Watchdog: 2017 famine warnings at 'unprecedented' levels

The Famine Early Warning System Network has warned of a huge jump in the number of people requiring emergency food aid across the world in 2017.
2 min read
25 January, 2017
An 18 year-old woman from near Hodeida, Yemen, receiving hospital treatment for extreme starvation [AFP]

The global requirement for food aid in 2017 is 'unprecedented', a US-based monitoring agency warned on Wednesday, as it forecasts increased famine across many Muslim-majority nations.

The Famine Early Warning System Network (FEWS NET) has signalled that an estimated 70 million civilians will require food aid this year, a one-third increase since 2015.

"The combined magnitude, severity, and geographic scope of anticipated emergency food assistance needs during 2017 is unprecedented in recent decades," the FEWS NET said in its report.

Nigeria, Somalia, South Sudan, and Yemen are all at risk of famine - defined as an "extreme lack of food and other basic needs where starvation, death, and destitution are evident".

The report blames three main factors for the impending humanitarian disaster, including persistent conflict, drought and economic instability related to conflict.

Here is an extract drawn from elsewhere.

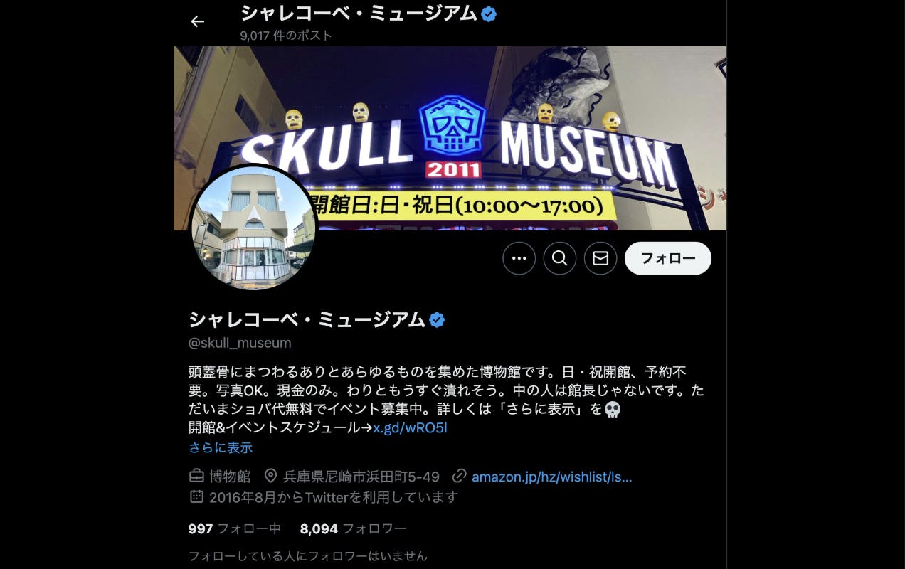 シャレコーベミュージアムは、兵庫県尼崎市浜田町にある頭蓋骨博物館で、約8,000点のドクロのコレクションを所有しており、その中の1,000点を常時展示しています。

According to UNICEF, at least 1,000 Yemeni children die from preventable diseases every week due to the country's civil war, which has crippled the country's food and logistics supplies.

Millions of people in Yemen are at risk of malnutrition, famine and death as a result of fighting between government forces, supported by the Saudi-led coalition and Houthi rebels.

In Somalia, a failure of the October to December 2016 Deyr rains and a forecast of poor rains in the coming spring may lead to a repeat of the 2011 famine, which killed 260,000 people.

The Somali President, Hassan Sheikh Mohamud, appealed to the diaspora in November to help those suffering from a drought across the country.

"I appeal to the Somali people, wherever they are all over the world to help and stand shoulder to shoulder with the suffering Somali people who lack food and water due to the drought in the country," Mohamud said.

FEWS NET warned that famine had probably occurred in Nigeria in 2016 and could be on-going throughout 2017.